▶ [WHAT IS NEEDED]:
Print exactly the lines from the one that contains "Sal Rei, Boa Vista, Cape Verde" through the final line of the entries below, both included, and nothing else; omit the pictures.

Items from a data source:
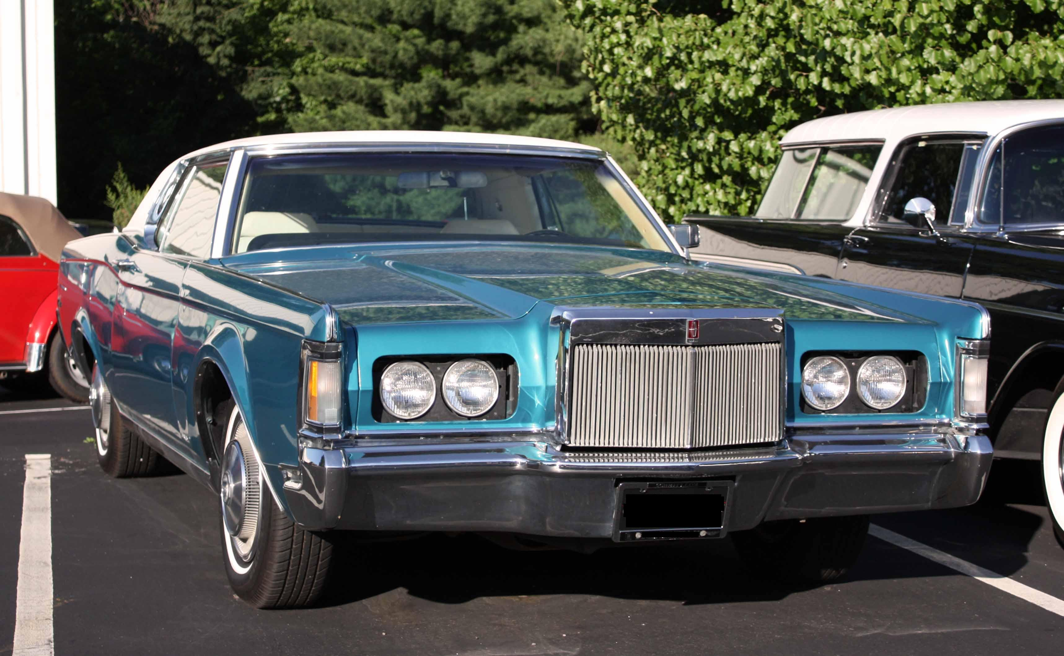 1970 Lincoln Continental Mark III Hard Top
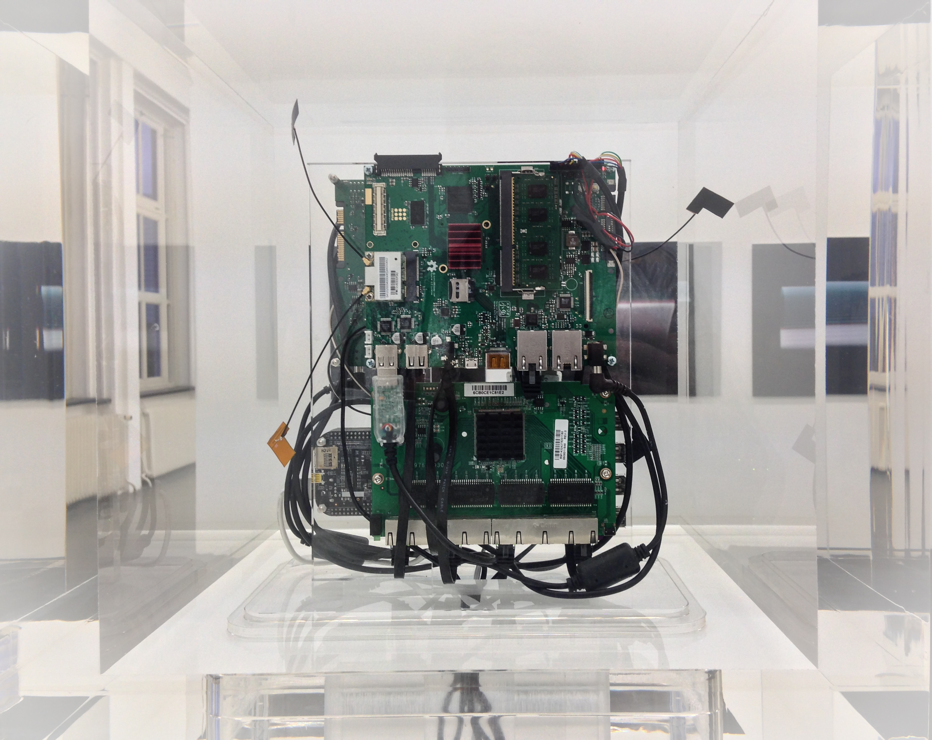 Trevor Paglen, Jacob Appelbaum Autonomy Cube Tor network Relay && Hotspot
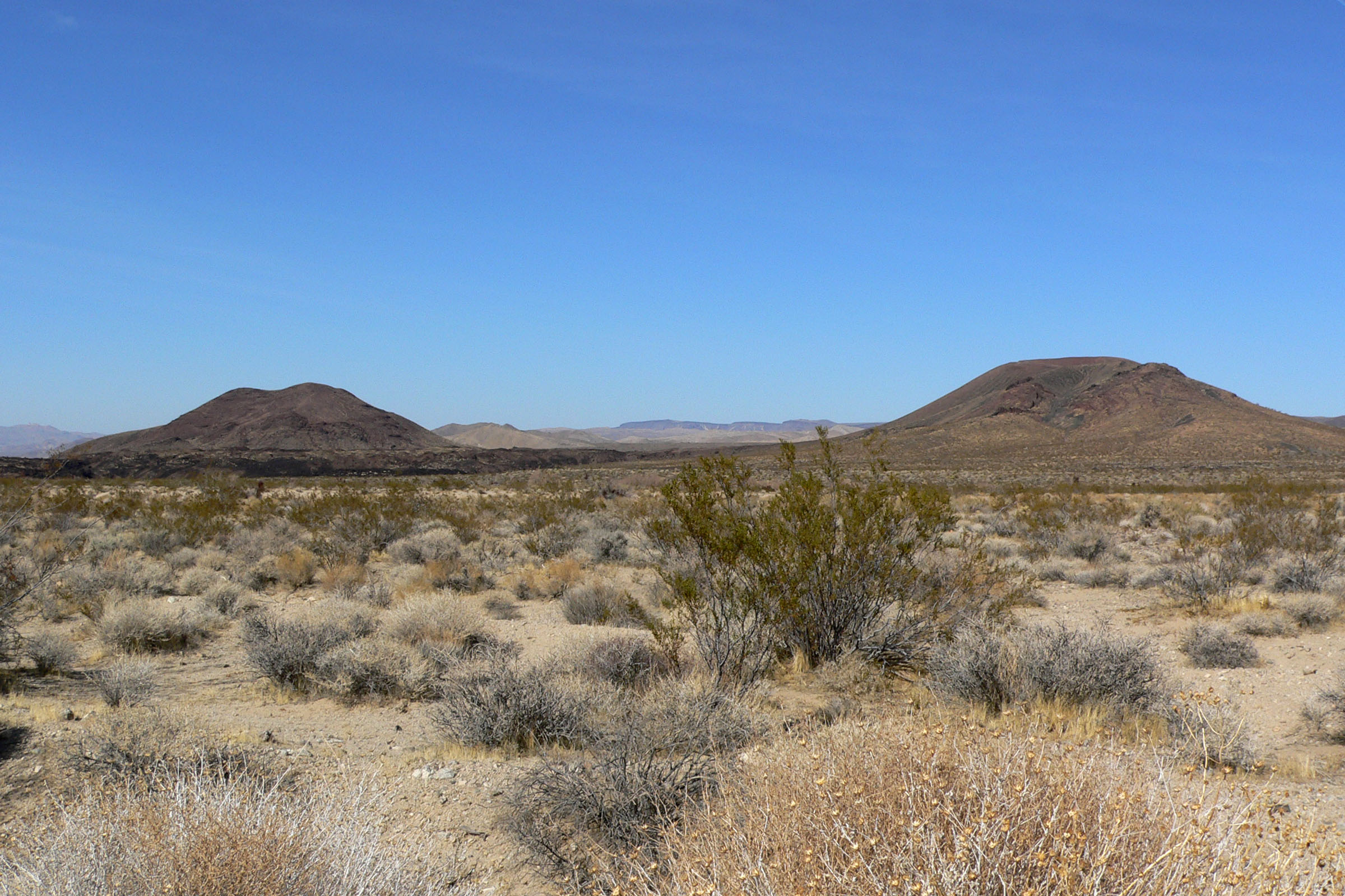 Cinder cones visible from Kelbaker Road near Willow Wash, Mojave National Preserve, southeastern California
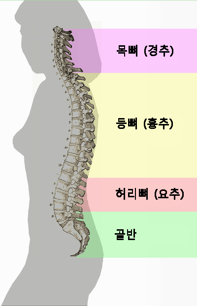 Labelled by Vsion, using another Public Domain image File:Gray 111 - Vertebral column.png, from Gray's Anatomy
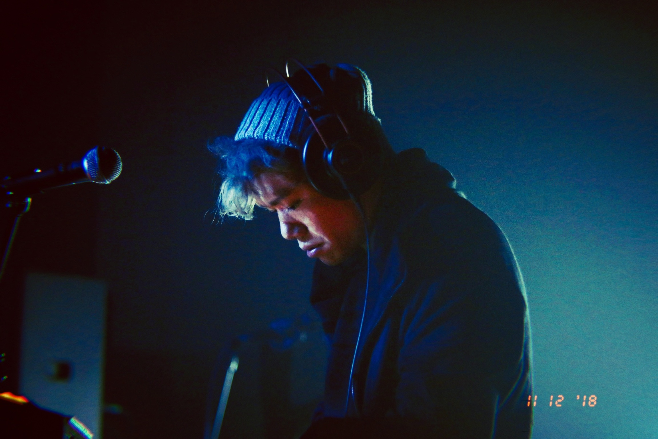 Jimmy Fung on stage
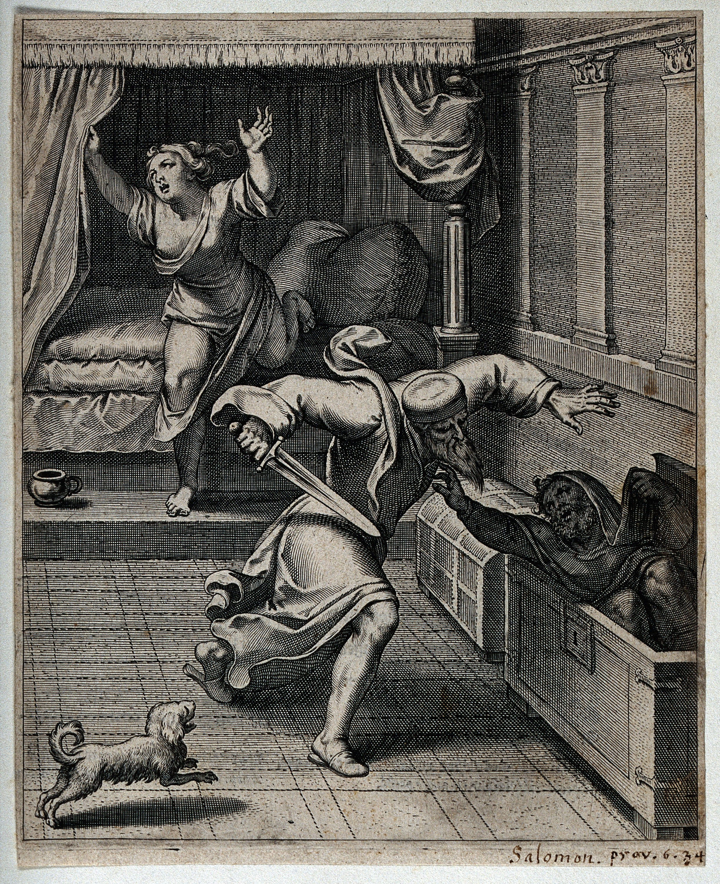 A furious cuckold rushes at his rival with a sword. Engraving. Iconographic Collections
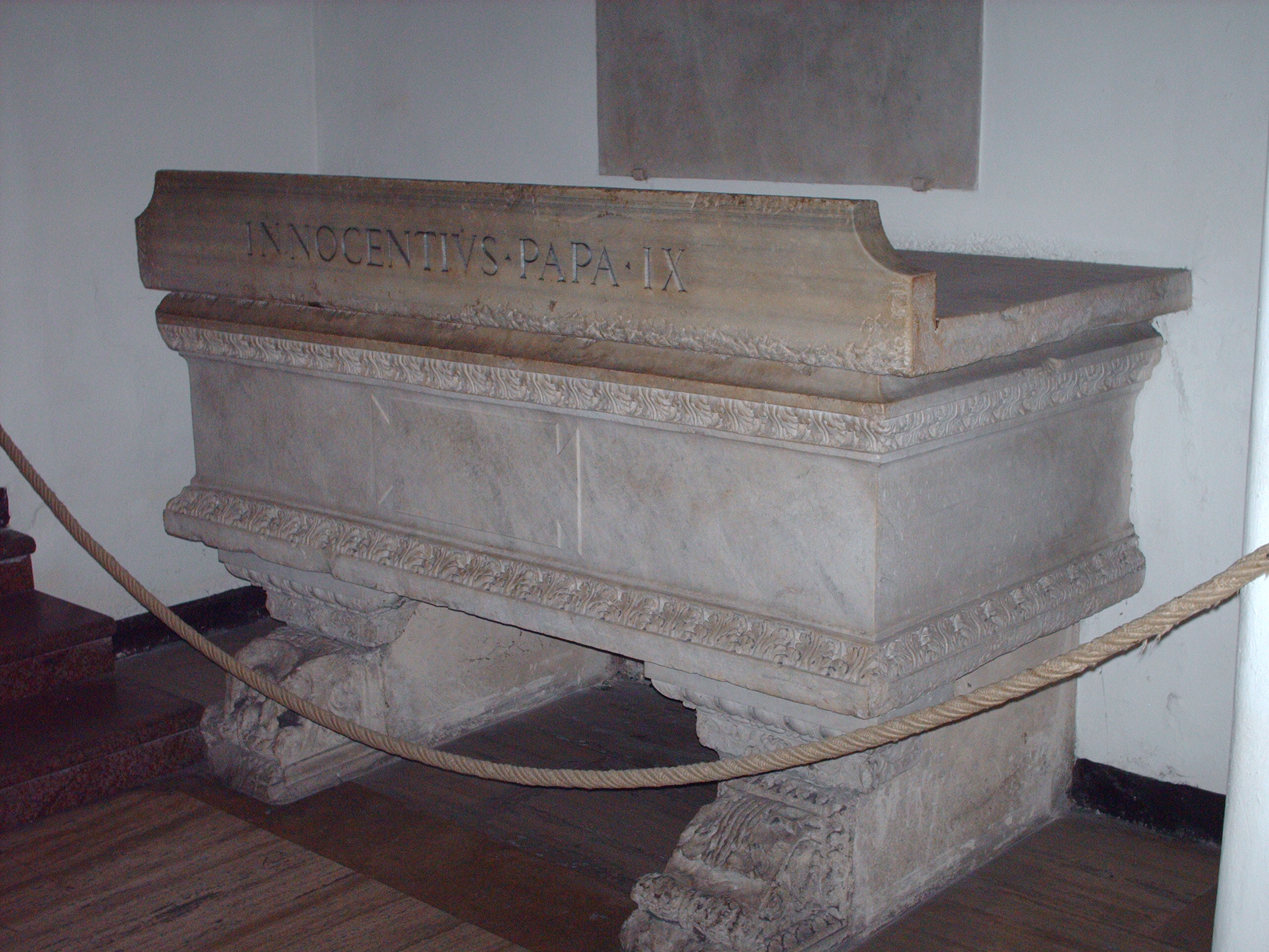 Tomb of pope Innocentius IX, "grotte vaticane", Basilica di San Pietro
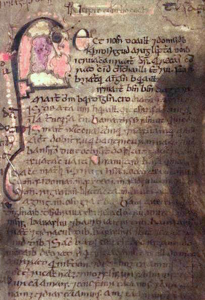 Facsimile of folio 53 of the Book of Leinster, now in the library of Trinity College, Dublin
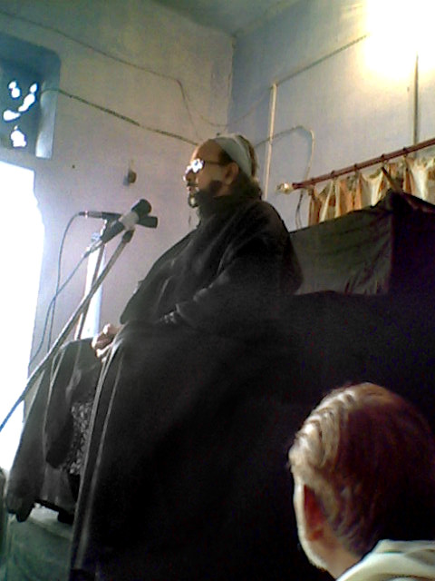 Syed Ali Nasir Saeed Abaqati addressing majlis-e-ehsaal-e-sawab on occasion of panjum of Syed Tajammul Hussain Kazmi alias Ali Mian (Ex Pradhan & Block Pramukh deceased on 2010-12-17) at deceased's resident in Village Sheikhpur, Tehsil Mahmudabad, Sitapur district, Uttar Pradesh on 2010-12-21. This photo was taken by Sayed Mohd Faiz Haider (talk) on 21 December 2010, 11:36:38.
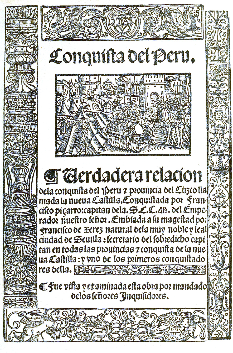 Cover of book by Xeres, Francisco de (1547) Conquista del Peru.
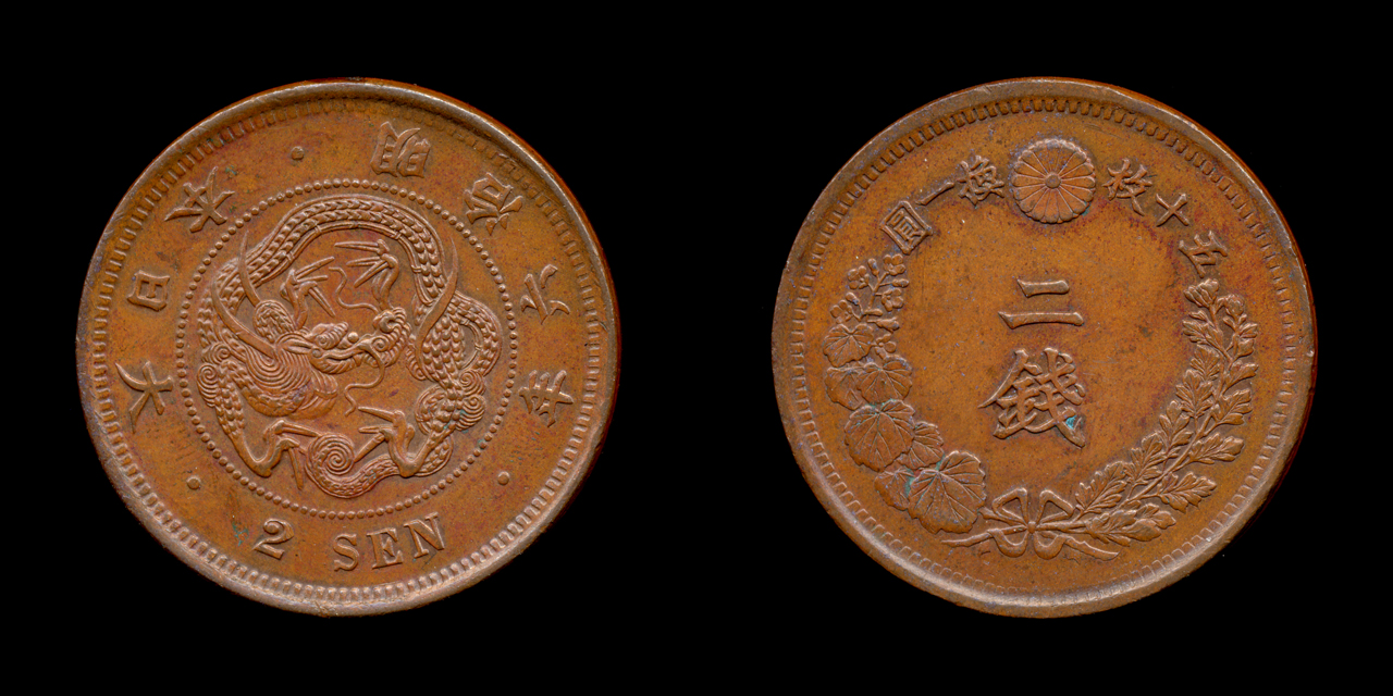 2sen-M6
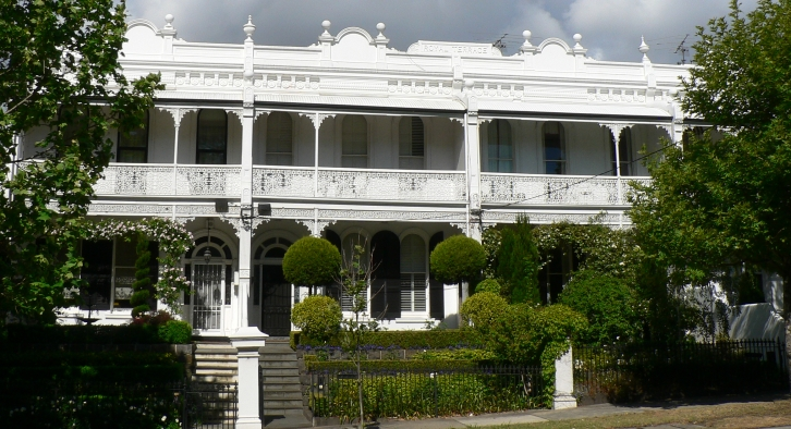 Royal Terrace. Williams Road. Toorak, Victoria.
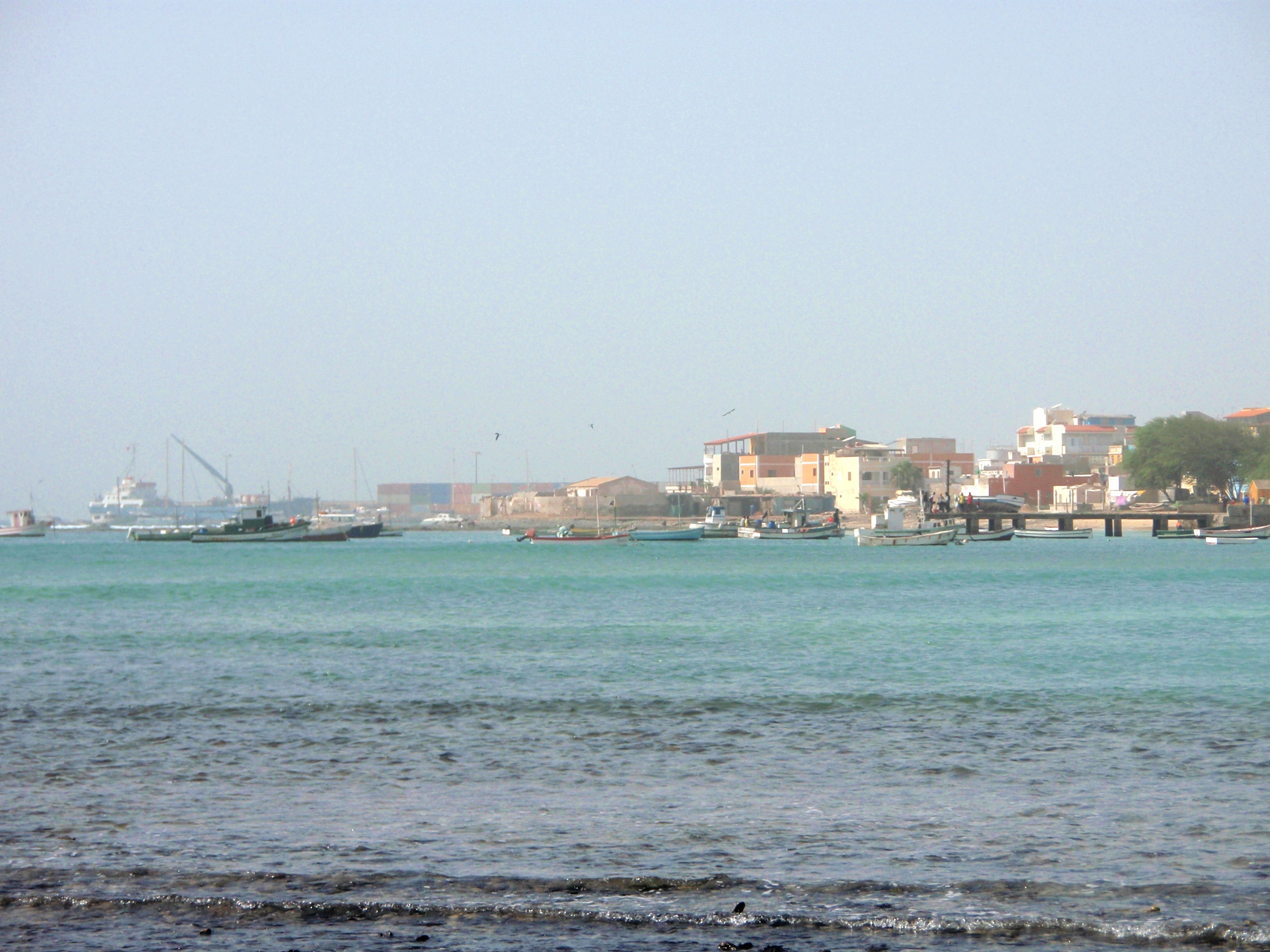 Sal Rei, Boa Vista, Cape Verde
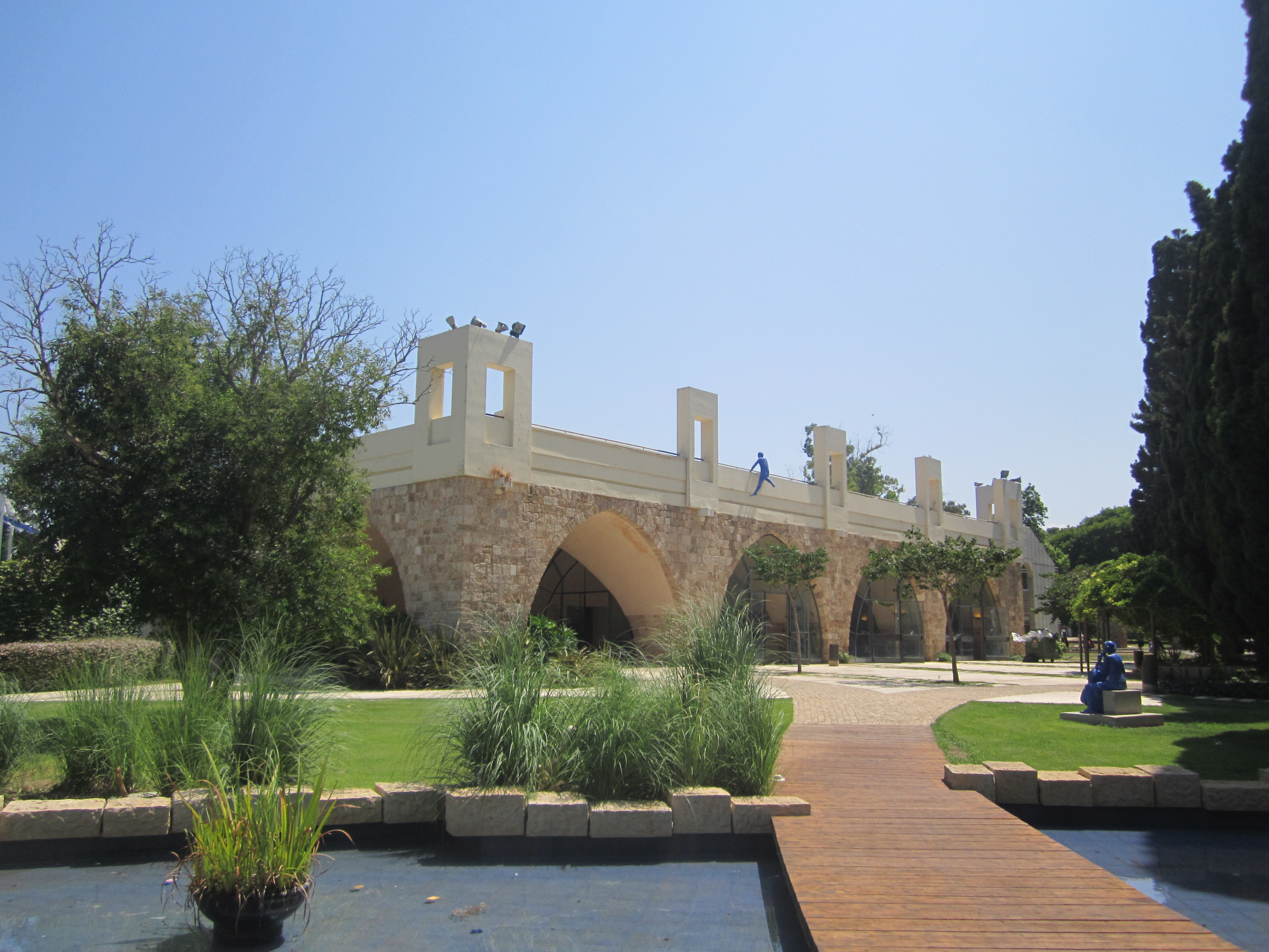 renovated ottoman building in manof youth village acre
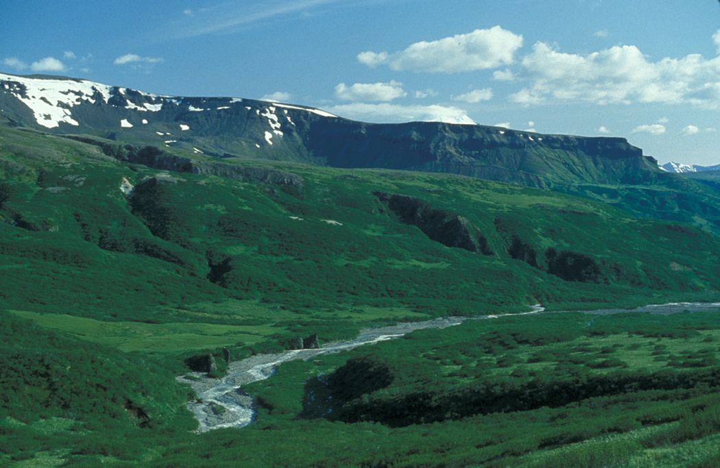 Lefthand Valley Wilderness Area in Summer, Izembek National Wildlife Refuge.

▶ [RESPONSE AREA]:
 Sal Rei, Boa Vista, Cape Verde
 renovated ottoman building in manof youth village acre
 Lefthand Valley Wilderness Area in Summer, Izembek National Wildlife Refuge.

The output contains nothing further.